In the meantime, the landmark-based learning model creation method S1000 and the facial expression classification method S2000 may also be provided as respective computer programs so as to be executed by the computer.

Furthermore, the computer is a computer in a broad sense including a general personal computer as well as a server computer accessible over a communication network, a cloud system, a smartphone, a smart device such as a tablet computer, and an embedded system.

Furthermore, the computer program may be provided being stored in a recording medium, and the recording medium may be specially designed and configured for the present disclosure, or may be known to those skilled in the field of computer software and usable by them.

For example, the recording medium may be a hardware device that is specially configured to store and perform program commands by a single one or a combination of the following: magnetic recording media, such as hard disks, floppy disks and magnetic tapes, optical recording media, such as CDs and DVDs, magneto-optical recording media for both magnetic and optical recording, ROM, RAM, flash memory, etc.

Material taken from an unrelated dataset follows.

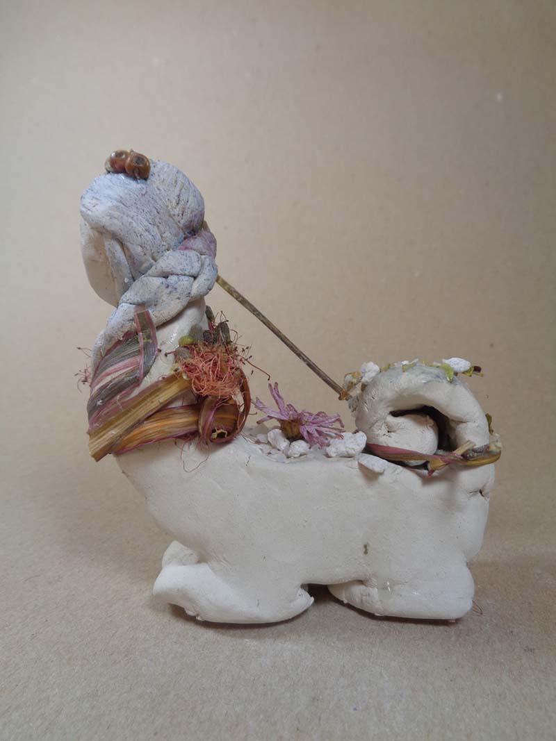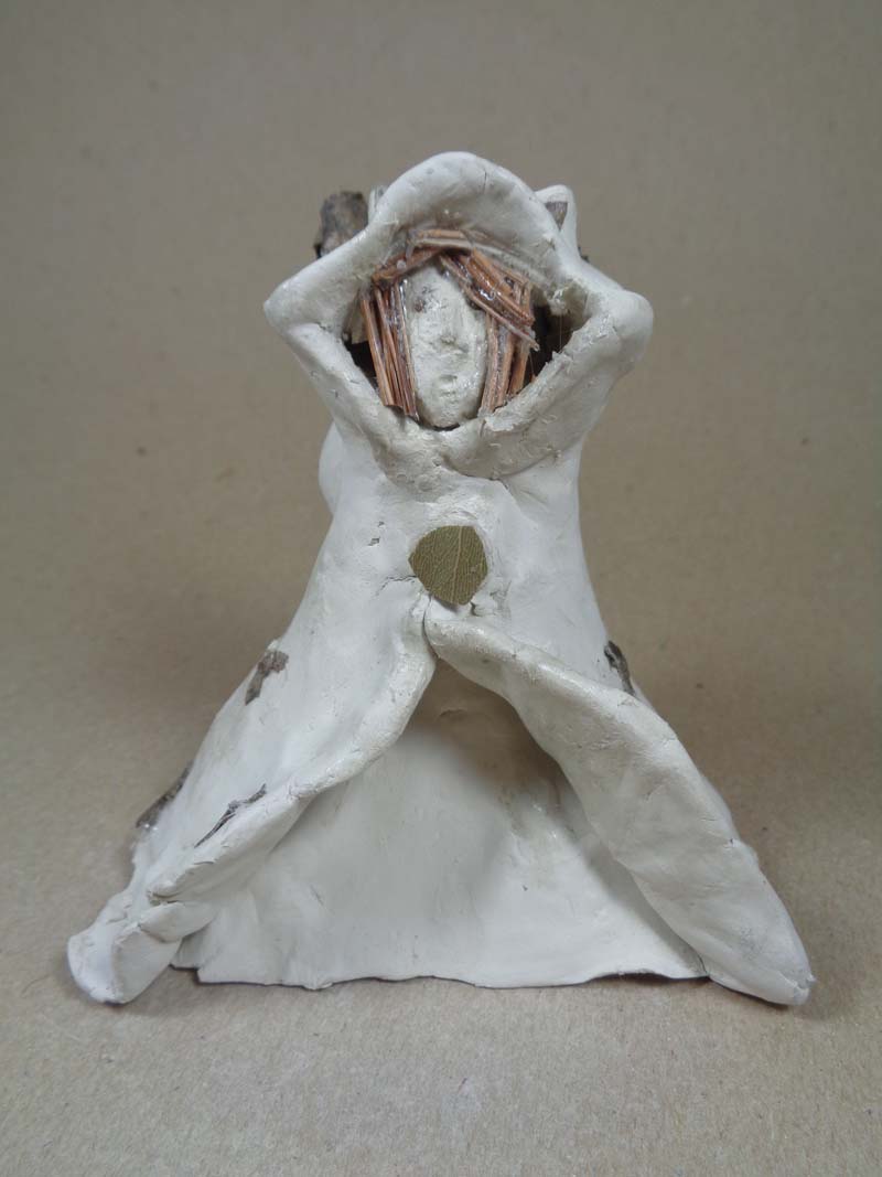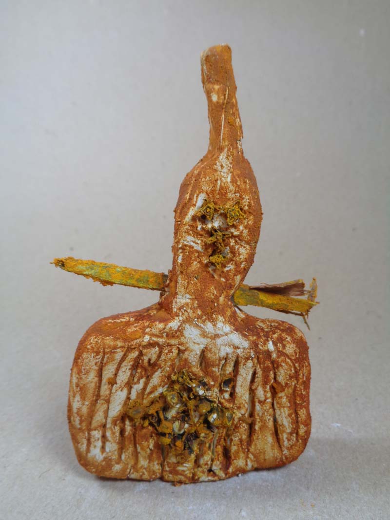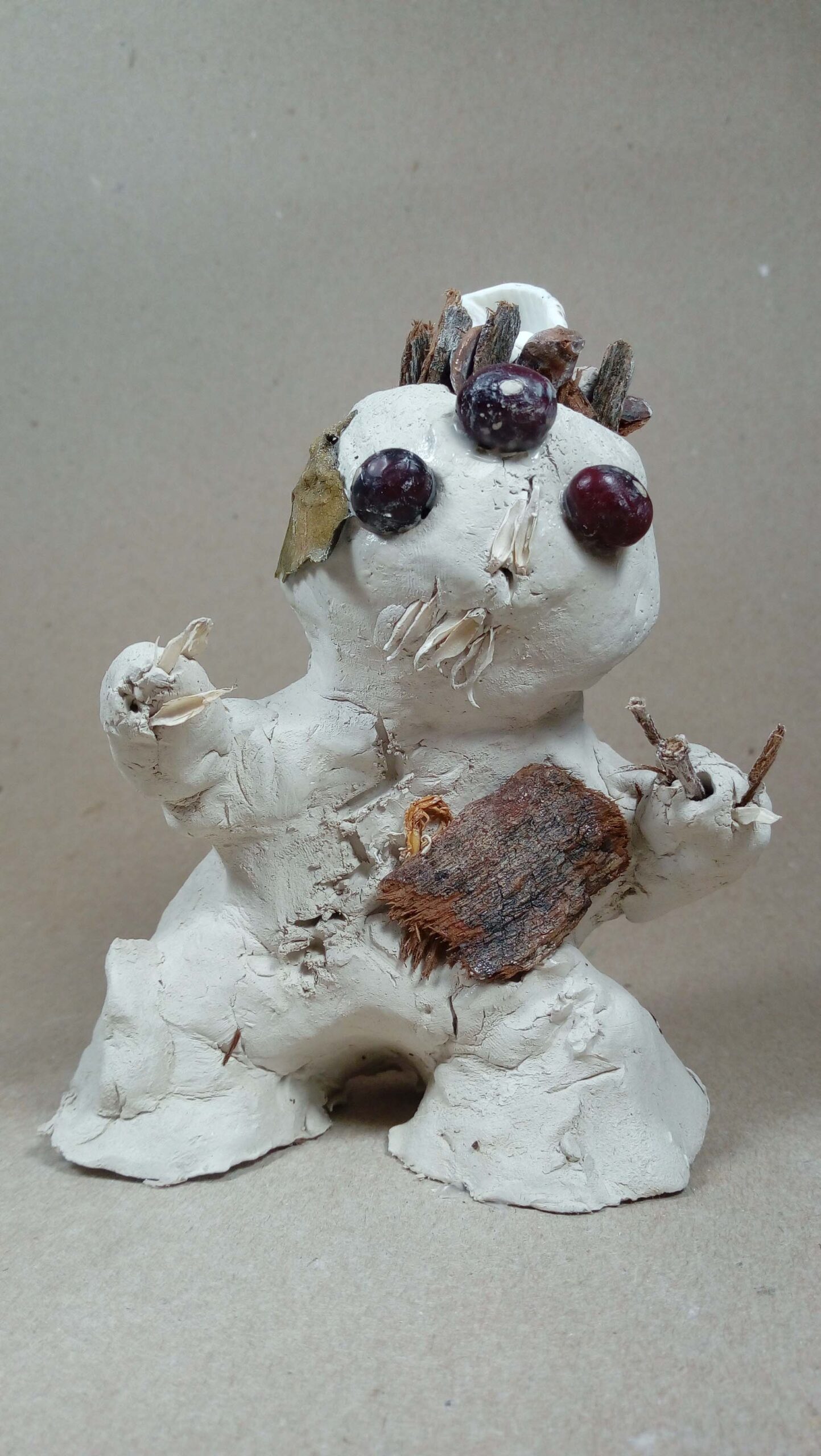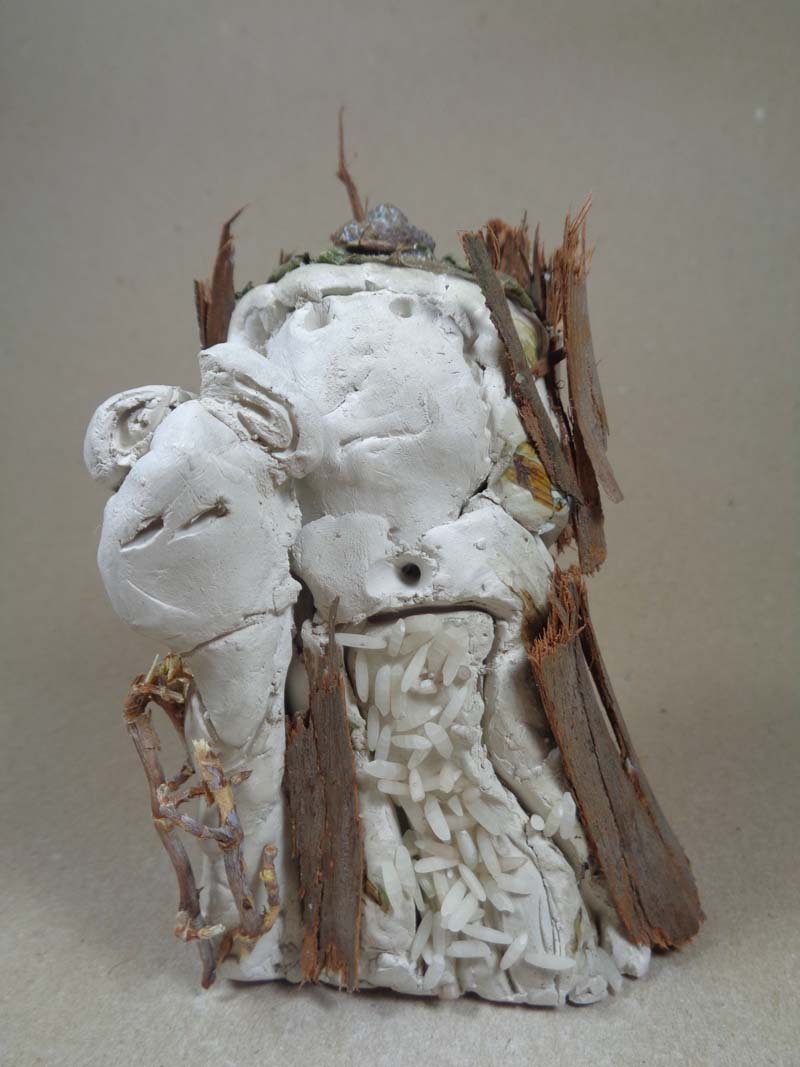 Travail en modelage avec ajouts de matériaux naturels. Inspiré par le livre d’Isabelle Simon « Petites déesses et petits dieux ». Niveau : 6ème.

In addition, the computer program may be a program composed of program commands, local data files, or local data structures, or a combination thereof. Alternatively, the computer program may be a program written in a mechanical language code formatted by a compiler as well as in a high level language code that may be implemented by a computer using an interpreter.

Hereinafter, a landmark-based ensemble network creation method and a facial expression classification method using an ensemble network according to an embodiment of the present disclosure will be described in detail.

First, in the landmark-based ensemble network creation method S1000 according to an embodiment of the present disclosure, facial images for learning are collected for each facial expression in step S1100.

Herein, the collected facial images are images including facial expressions of feeling states including happiness, serenity, sadness, joy, fear, etc.

Next, landmarks are detected from the collected facial images in step S1200.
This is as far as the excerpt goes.